Is there any growth?

Despite major concerns about the future of jobs and the economy in general, 140 years of data has shown technology as a whole has actually brought to life more jobs than it has ended. Technology has been described as a "great job-creating machine," according to economists at the Deloitte consultancy. Bar staff has quadrupled from the 1950s to this day, in addition to the rising number of hairdressings, indicating technology is placing more money in people's pockets to spend. While roles in the agriculture, washers and launderers, examples of repetitive services, have decreased, there has most definitely been a rise in caring posts, such as teaching, educational support assistants; welfare, housing, youth and community workers; and care workers and home caring.

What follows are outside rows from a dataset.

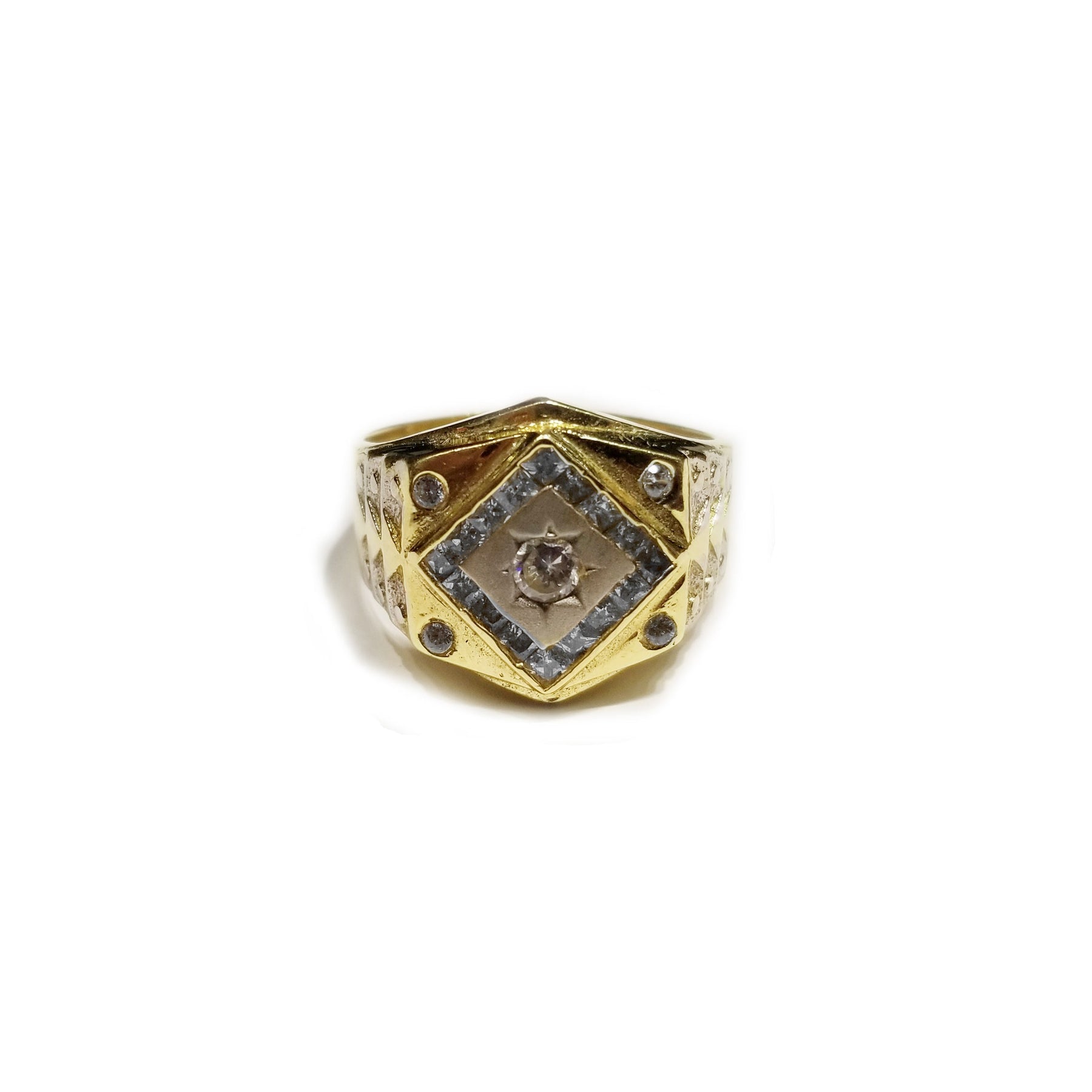 Description: This is a Diamond Shaped CZ Crystal Cocktail Yellow Gold Ring (14K) made with the highest quality gold metal that has been polished and refined to perfection.
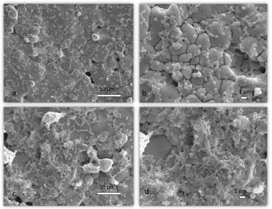 Representative SEM micrographs of a 72-h biofilm on hydroxyapatite. Different magnifications of salivarius mixed biofilm are presented in (a,b), while different magnifications of non-salivarius mixed biofilm are presented in (c,d); Magnification of 2000× and 5000×.
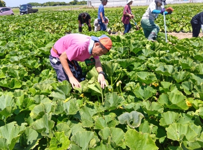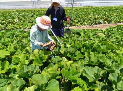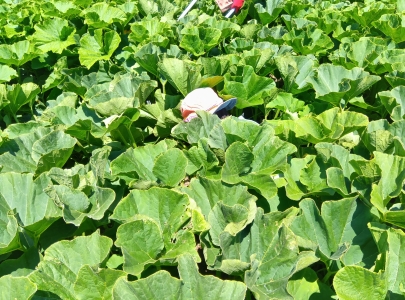 歩きづらいのに加えて、ほうきのを使って葉を痛めないようにかぼちゃを探す作業に、

Experts sharing such views believe the media has been biased in skewing attention towards robots taking over our jobs and making the entire ordeal similar to a science-fiction movie where our lives will eventually be controlled by machines.

Conclusion

Employment in general, and especially in computer and electronic firms, rose significantly in the 1990s. Those numbers have dropped drastically-as much as 40 percent in some cases-despite a smaller number and more technical type of jobs being born in other branches.

The aging battle between man and machine will continue as it has for centuries. The question is are machines taking over our jobs, or is our workload being eased by their presence? This will be an ongoing debate especially with the current rise in artificial intelligence and machine learning technology.